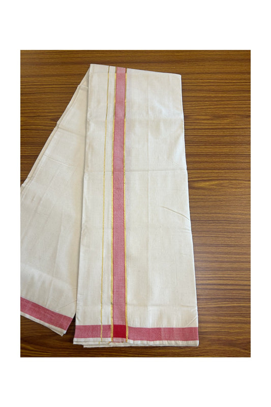 25% Discount! KaithariKada Handloom Millpaav Balaramapuram - 100% Pure Cotton off white (Unbleached) Double Mundu/Dhoti - 1.75 inch Kasavu & Red+Pink Kara-134
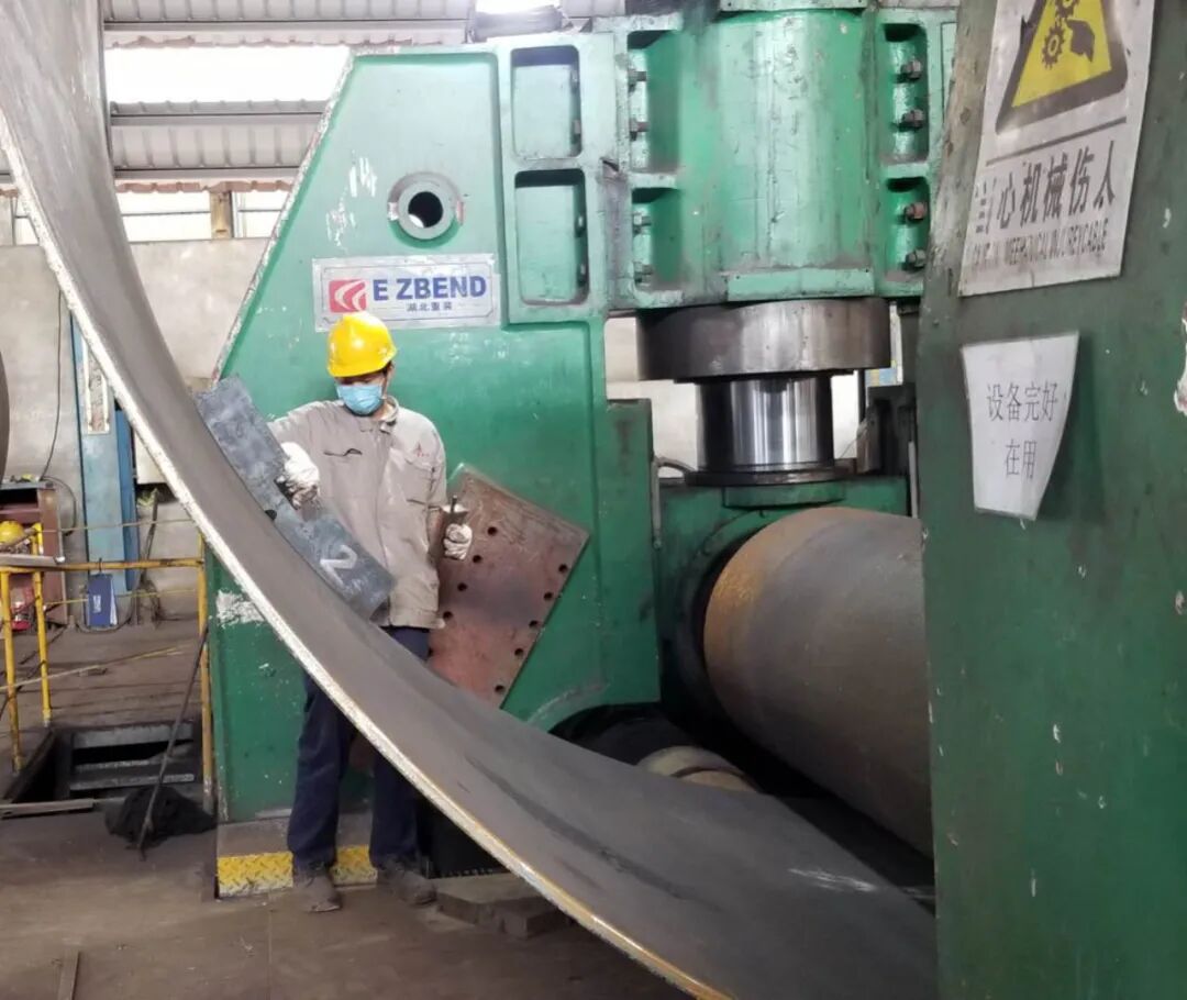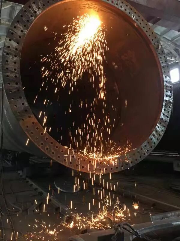 随着数控火焰切割机闪起道道耀眼的火花,风电场塔筒
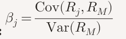 covariance of asset j with market divided by variance of the market
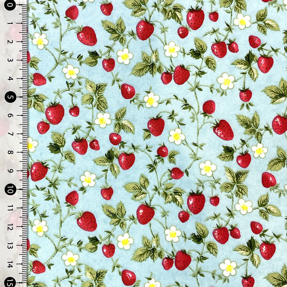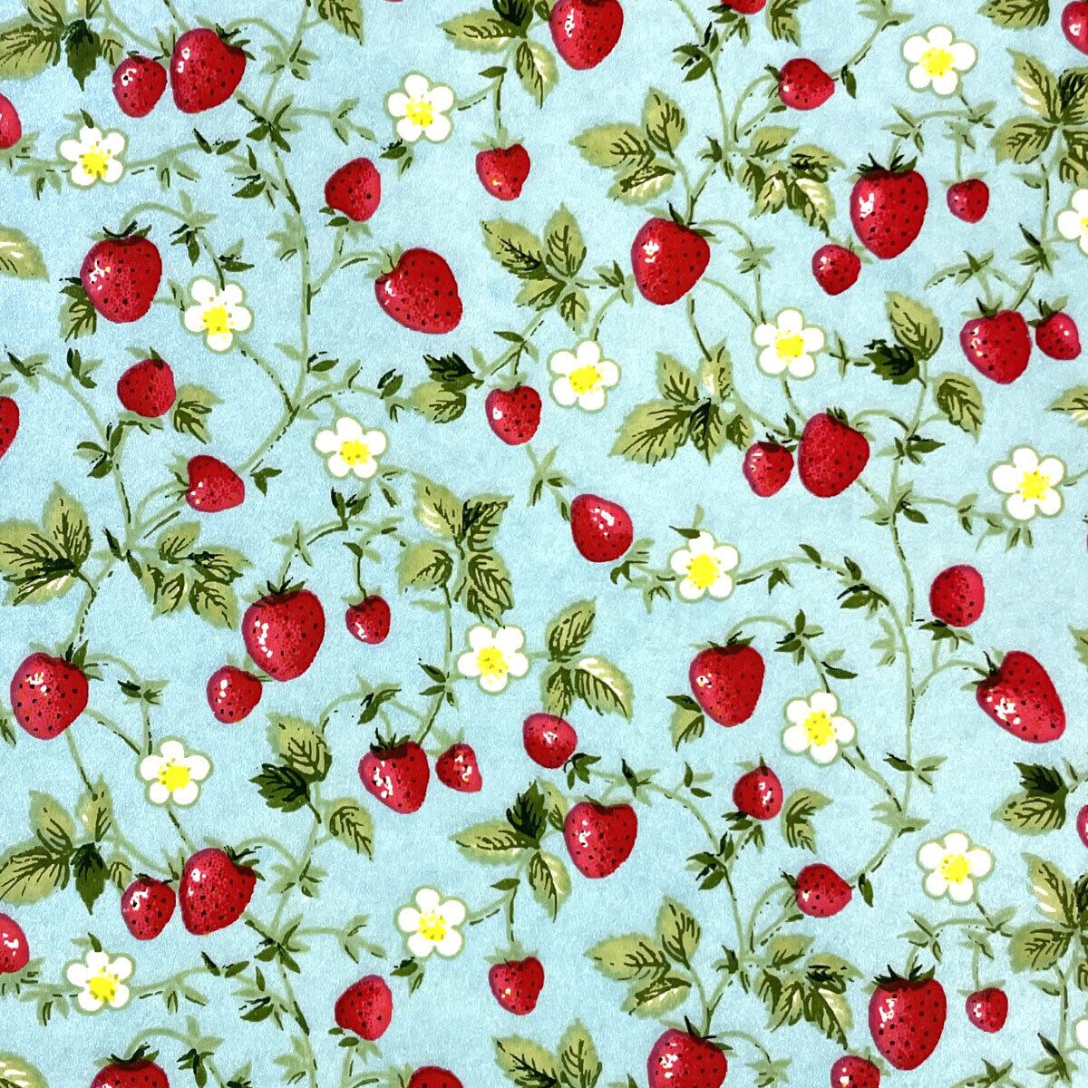 洋風柄 華やかな友禅和紙 いちご柄 水色 ワイルド ストロベリー 大判 約63x93cm 千代紙 YUZEN dyeing
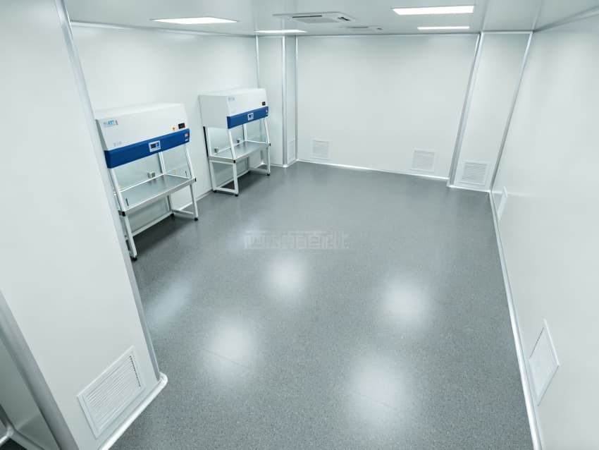 設計在環境適配性上針對性突出:地面采用灰色耐濕熱環氧自流平材質,其特殊配方經121℃高溫滅菌循環測試后硬度無衰減,表面粗糙度Ra≤0.8μm,配合無縫拼接工藝形成連續抗菌屏障,有效阻斷芽孢桿菌等頑固微生物的滋生路徑;四周白色抗菌墻壁選用食品級納米涂層,該涂層經第三方檢測機構驗證,對金黃色葡萄球菌抑菌率達99.9%,配合R≥50mm的圓弧墻角與全密封模塊化吊頂,徹底消除傳統直角結構的積塵隱患。車間頂部集成三級過濾生物安全型層流系統,通過初效、中效、高效過濾器的梯度攔截,配合FFU風機過濾單元實現垂直單向流,可穩定維持ISO7級(萬級)潔凈度,局部配置百級層流罩形成隔離操作區,確保關鍵工序在無菌環境下進行。此外,墻面還預埋了智能溫濕度傳感器陣列,通過物聯網系統實時監控并調節溫濕度參數,為發酵菌種提供最適宜的生長環境。
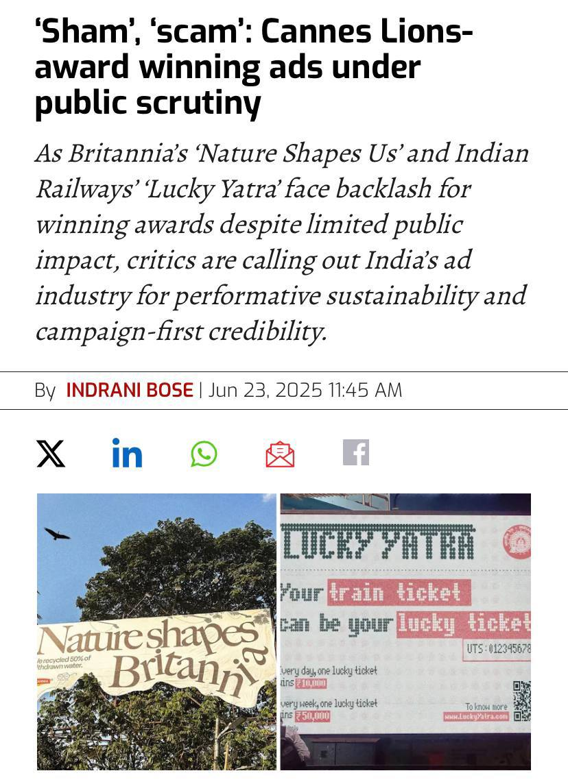 Кампания от Britannia (Индийская многонациональная компания по производству продуктов питания, которая занимается продажей печенья, хлеба и молочных продуктов) «Природа формирует нас», получившая награду в Каннах, подверглась резкой критике после публикации Полины Забродской, которая выявила разрыв между заявленными достижениями в области устойчивого развития и реальными данными из корпоративного отчёта.

※ ※ ※

## Exercise directions
Leave every picture out and retype exactly the lines of the records above from the one holding "設計在環境適配性上針對性突出" through the last, both ends included and nothing besides.

## Response to this exercise
 設計在環境適配性上針對性突出:地面采用灰色耐濕熱環氧自流平材質,其特殊配方經121℃高溫滅菌循環測試后硬度無衰減,表面粗糙度Ra≤0.8μm,配合無縫拼接工藝形成連續抗菌屏障,有效阻斷芽孢桿菌等頑固微生物的滋生路徑;四周白色抗菌墻壁選用食品級納米涂層,該涂層經第三方檢測機構驗證,對金黃色葡萄球菌抑菌率達99.9%,配合R≥50mm的圓弧墻角與全密封模塊化吊頂,徹底消除傳統直角結構的積塵隱患。車間頂部集成三級過濾生物安全型層流系統,通過初效、中效、高效過濾器的梯度攔截,配合FFU風機過濾單元實現垂直單向流,可穩定維持ISO7級(萬級)潔凈度,局部配置百級層流罩形成隔離操作區,確保關鍵工序在無菌環境下進行。此外,墻面還預埋了智能溫濕度傳感器陣列,通過物聯網系統實時監控并調節溫濕度參數,為發酵菌種提供最適宜的生長環境。
 Кампания от Britannia (Индийская многонациональная компания по производству продуктов питания, которая занимается продажей печенья, хлеба и молочных продуктов) «Природа формирует нас», получившая награду в Каннах, подверглась резкой критике после публикации Полины Забродской, которая выявила разрыв между заявленными достижениями в области устойчивого развития и реальными данными из корпоративного отчёта.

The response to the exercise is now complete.